What is a nosocomial infection?

healthcare-associated infection.

What is a community-acquired infection?

infections acquired outside a healthcare environment

What is the difference between a true pathogen and an opportunistic pathogen?

True pathogen- causes disease in healthy individuals

Opportunistic pathogen- caused by MO that doesn't normally cause infection unless displaced or immunocompromised.

What methods do bacteria use to avoid phagocytosis?

Capsules- mask the cell surface structures, preventing recognition by phagocytic cell receptors, prevents binging of complement proteins, inhibiting complement activation.

Bacterial cell wall- may interfere with phagocytosis

Bacterial toxins- kill phagocytes, inhibit the movement to sites of tissue damage.

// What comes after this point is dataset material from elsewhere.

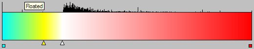 The large colored bar in this example represents a color range, which is calculated from the colors you assign to specific positions along the bar. The bar's left edge is at position 0.0 and the right edge is at position 1.0. You can assign colors to intermediate positions by creating one or more color pegs at appropriate points along the bar. The program will then calculate the colors for other positions using one of the interpolation methods described below. The cosine method illustrated here produces smooth color transitions between adjacent pegs. (The default method for depth coloring is HSL long, which can produce a good color range without intermediate pegs.) There is just one intermediate peg in this example, as indicated by the white triangular pointer -- white because that was the color assigned to it. You can create additional pegs in either of three ways:

What are adhesion factors?

Factors that help them stick to things

Fimbriae(pili)- contain adhesion proteins on their tips that bond to cell surface receptors.

Biofilms- sticky and adhere.

What occurs to bacteria in the humoral immune response?

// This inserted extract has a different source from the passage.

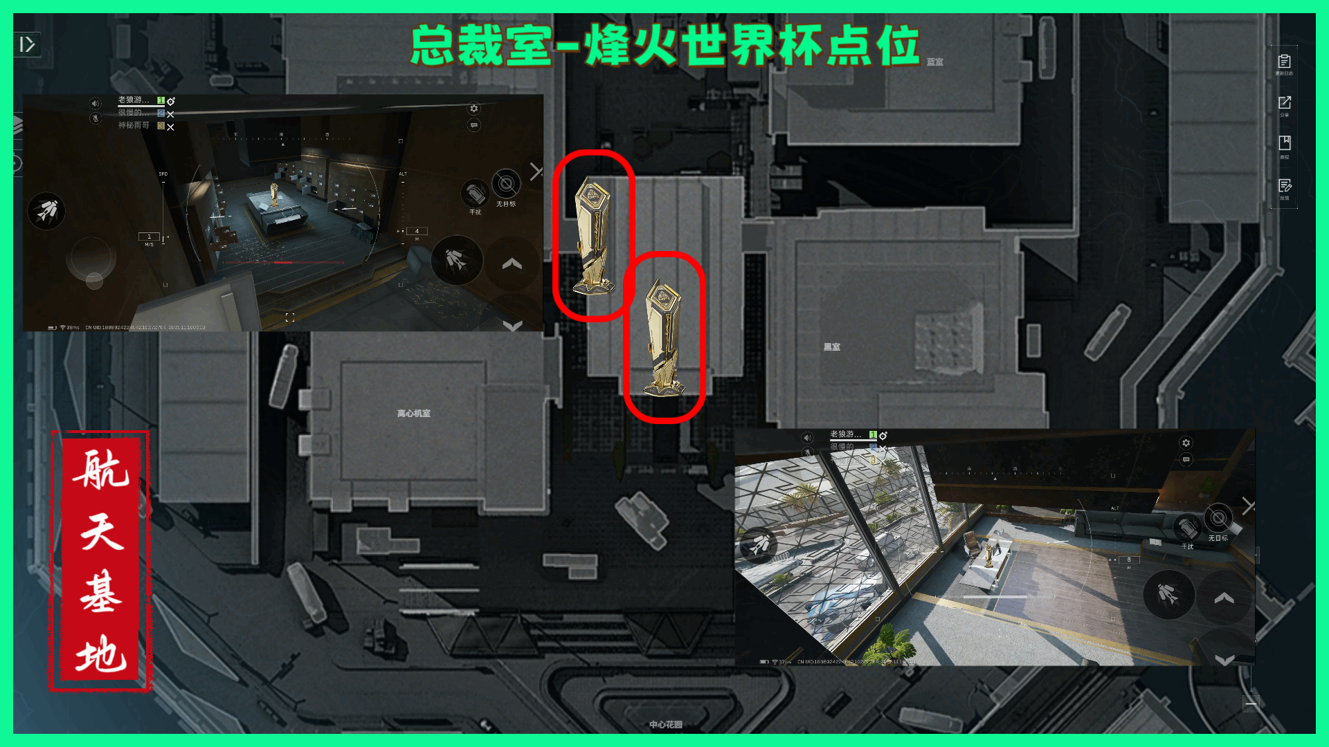 S7赛季新增3格大红,烽火世界杯纪念奖杯,价值(zhi)2025921哈夫币,这个(zhege)价值(zhi)刚好是夺冠時間!烽火世界杯纪念奖杯全部都是露天刷新,在S7赛季会在零号大坝、巴克什和航天基地这3张图刷新。其中爆率绝密地图>机密(水淹)地图>普通(tong)地图,所以在打高难度(gaonandu)地图的同时,也不要忘记看一眼刷新点位,否则就会变(bian)成(cheng)漏勺哟!话不多说我们直(zhi)接(jie)开始(kaishi)航天基地点位图!

Bacteria get opsonized, lysed, and a memory B cell is made.

What is the difference between exotoxins and endotoxins?

Exotoxins -gram -/+ inside bacterial cells and excreted upon lysis, species specific, heat labile, low dose is fatal.

Endotoxins- gram - from LPS, not specific to species, cause fever, hypotension, septic shock, activates complement, initiates coagulation, heat stable, requires higher dose.

For which type of microbes is the cell mediated adaptive immune response particularly important?

Intracellular bacterial infections and viral infections.

What are components of the innate immune system?

Nonspecific response, no memory, natural

Skin, mucous membrane, acidic pH and enzymes, normal flora, phagocytosis, inflammation, NK cells

What is the principle of MALDI-TOF?

Breaks down to fragments and reads the time of flight with a laser.

What are the differences between IgG and IgM?

IgG- is small, can cross the placenta, appears after IgM as a secondary response, and it is produced first in the second response. (warm)

IgM- large, cannot cross the placenta, appears first after initial exposure then second on second exposure. (Cold)

What is the principle of PCR?

Primers attach to the target section, nucleic acids are added, and DNA is amplified.

What is the difference between primary plating and subculturing?

Primary plating- inoculation of clinical specimen onto lab culture media.

Subculturing- bacterial colonies are selected for further testing and inoculated to other plates.

What is sensitivity in testing?

How well a test can detect a pathogen or specific amount.

What is specificity in testing?

How good the test is at detecting what it is supposed to.

What can cause false negative results in serology testing?

False negative- not waiting a significant time after onset to see antibody response, variation in host immune response (immunocompromised), hook effect

What can cause false positive results in serology testing?

False positive- cross-reactive antibodies

What is a monoclonal antibody?

Monoclonal- one type of antibody that binds to specific epitope

(high specificity), rarely occurs naturally anda are manufactured to be used commonly in lab testing

What is paired sera testing?

Testing for optimal diagnosis of current infection

Acute is collected when disease is first suspected

Convalescent is collected 2 weeks after acute phase

Diagnosis requires a four-fold or two doubling dilutions between the acute and convalescent

When is it okay to test a single serum specimen for antibody titer?

Yes, in the case of assessing immune status, testing for IgM in congenital infection, and infection that are rare (rabies).

What is a precipitation test?

Soluble antigen and antibody diffuse through agar liquid and a visible precipitate forms when they combine.

What is the principle of an agglutination test?

Clumping of particles coated with antigen-antibody complexes

-Sensitization and lattice formation.

What is the difference between competitive and noncompetitive assays?

Competitive is inversely proportional

noncompetitive is directly proportional.

What is the principle of a lateral flow enzyme immunoassay test?

Antigen or antibody bound to enzymes that catalyze a reaction, measured by catalyze reaction. Capillary action moves the liquid through it.